WYCKOFF: What do I see coming down the road? I think we are going to see a big growth in accreditation and certification in the near future. I think there is probably going to be a move to standardize certain methods. I think there’s going to be a lot more scrutiny by both sides of the criminal justice group—the defense and the prosecution side—to make sure that people are qualified and can actually do what they say they do. I think the defense side of criminal justice is going to gain parity with the prosecution side in the knowledge that they have about forensic science. At the present time, I don’t think many defense attorneys understand everything that is going on, nor do they know where they can get experts to help them analyze what is being reported. And I think there will be some changes in who does work in laboratories, and even what kind of work is done in laboratories. In short, I think we could see some very big changes in technology in the next five to ten years.

EVIDENCE TECHNOLOGY: What do you mean by that?

WYCKOFF: Well, I think you’re going to see more miniaturization. I think you are going to see many things that are going to be—I don’t know what the right word is—almost cookbookish in the sense that they will be very routine-oriented in nature. That will probably happen even with things like DNA. We are approaching that in some respects right now. There is nothing bad about that approach. It just means that you get greater productivity in casework, which is very important in any public laboratory because of the large number of cases. This approach allows the laboratory people to put out results for routine cases fairly rapidly. And that will free them to work on the unusual cases that require special handling of evidence and material.

EVIDENCE TECHNOLOGY: It sounds like some people would not like this particular approach…

WYCKOFF: A lot of people say that having standardized procedures is bad because it implies that forensic scientists are nothing more than technicians. A positive point is that it would allow us to turn out routine work more quickly and would give us time to do the other things that are important.

EVIDENCE TECHNOLOGY: What kind of “cookbookish” routines do you mean? Will it speed up the work?

WYCKOFF: Yes. For example: Let’s say someone brings you a blood sample—or some white powder—to identify. Some of these procedures have gotten to the point where they are automated so that someone can just take a small sample, put it in an instrument, and get a result out of it. I think you’re going to see some continuing automation and better reagents and control samples and extraction procedures that are going to make that whole process even faster than it is right now.

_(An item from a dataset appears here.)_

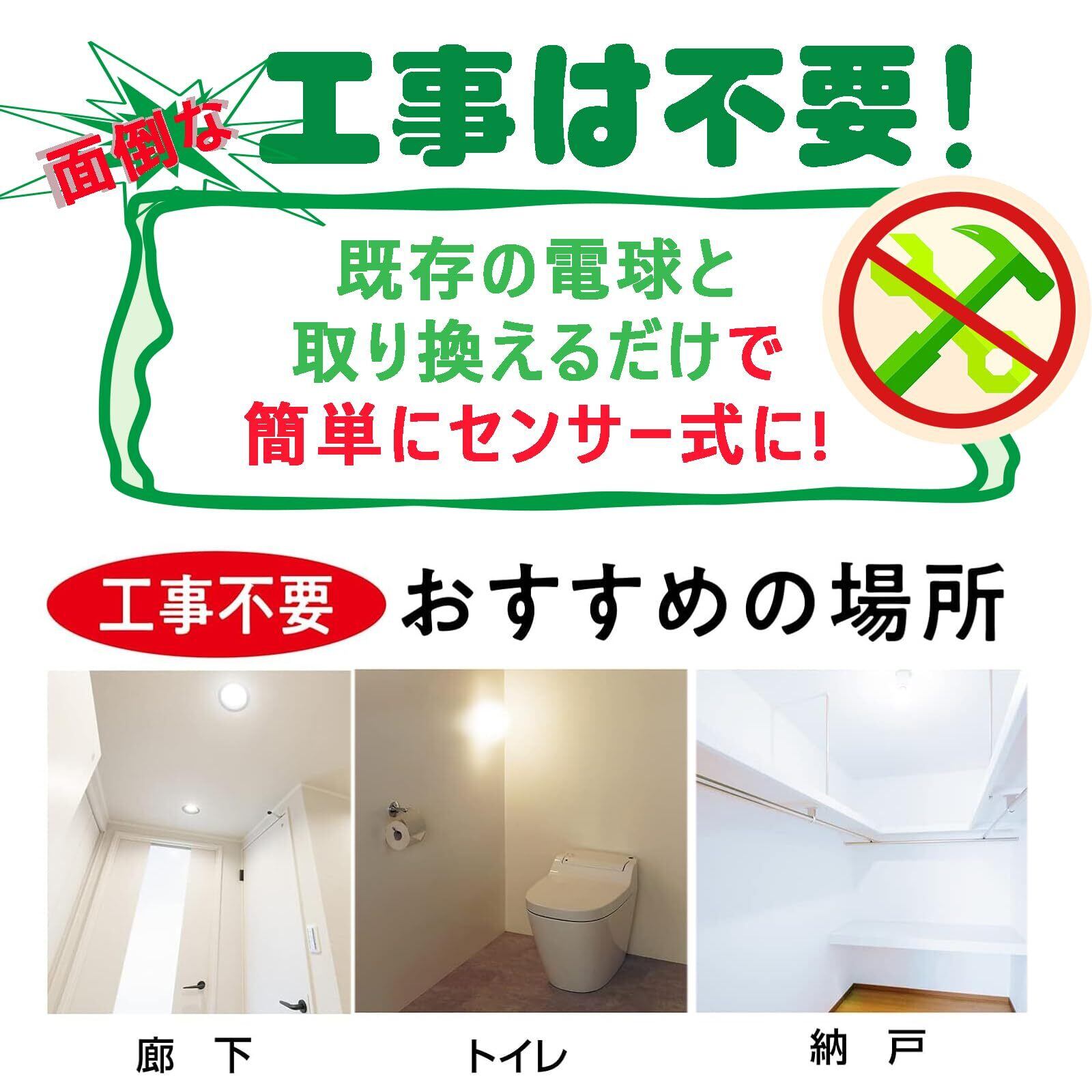 【 E17 人感センサーの特長】 ●E17口金の人感せんさー電球、小型電球と同じサイズなので、様々な照明器具に使用できます。 ●人感&明暗センサー機能付きLED電球● 周囲が暗いとき、人が近づくと自動点灯 ● 昼間、人が近づいても点灯しません。

WYCKOFF: Well, for example: A drug analysis that now takes from four to six hours could get down to just two hours. Or in certain instances, a DNA analysis may get down to a few hours —or a day or two at most. And, that’s not bad. I know there are going to be some who are going to say, “Well, that just proves that these people that we consider scientists are really just technicians.” But I disagree, because you still have to interpret those results—and that will take a real scientist. And, in fact, what it does is it gives us the time to get the relatively routine things finished while giving us more time to work on other more complex or more unusual criminal cases.

EVIDENCE TECHNOLOGY: Do you have any other thoughts about what the future will have to offer for those in the profession?

WYCKOFF: Changes are coming— whether the profession wants them or not. Most of us like the fact that things are becoming more automated. It takes a little bit of the pressure off of us, too, because one of the biggest complaints against public laboratories has been slow turn-around time. In my opinion, however, forensic scientists who work in public laboratories have many other tasks they must deal with. They probably testify more often than people in the private laboratories and they are oftentimes called on to do routine crime-scene work. So, there are many things that take away from their ability to be as productive as someone who deals with just sample analysis on a daily basis.

EVIDENCE TECHNOLOGY: Thank you for speaking with us today.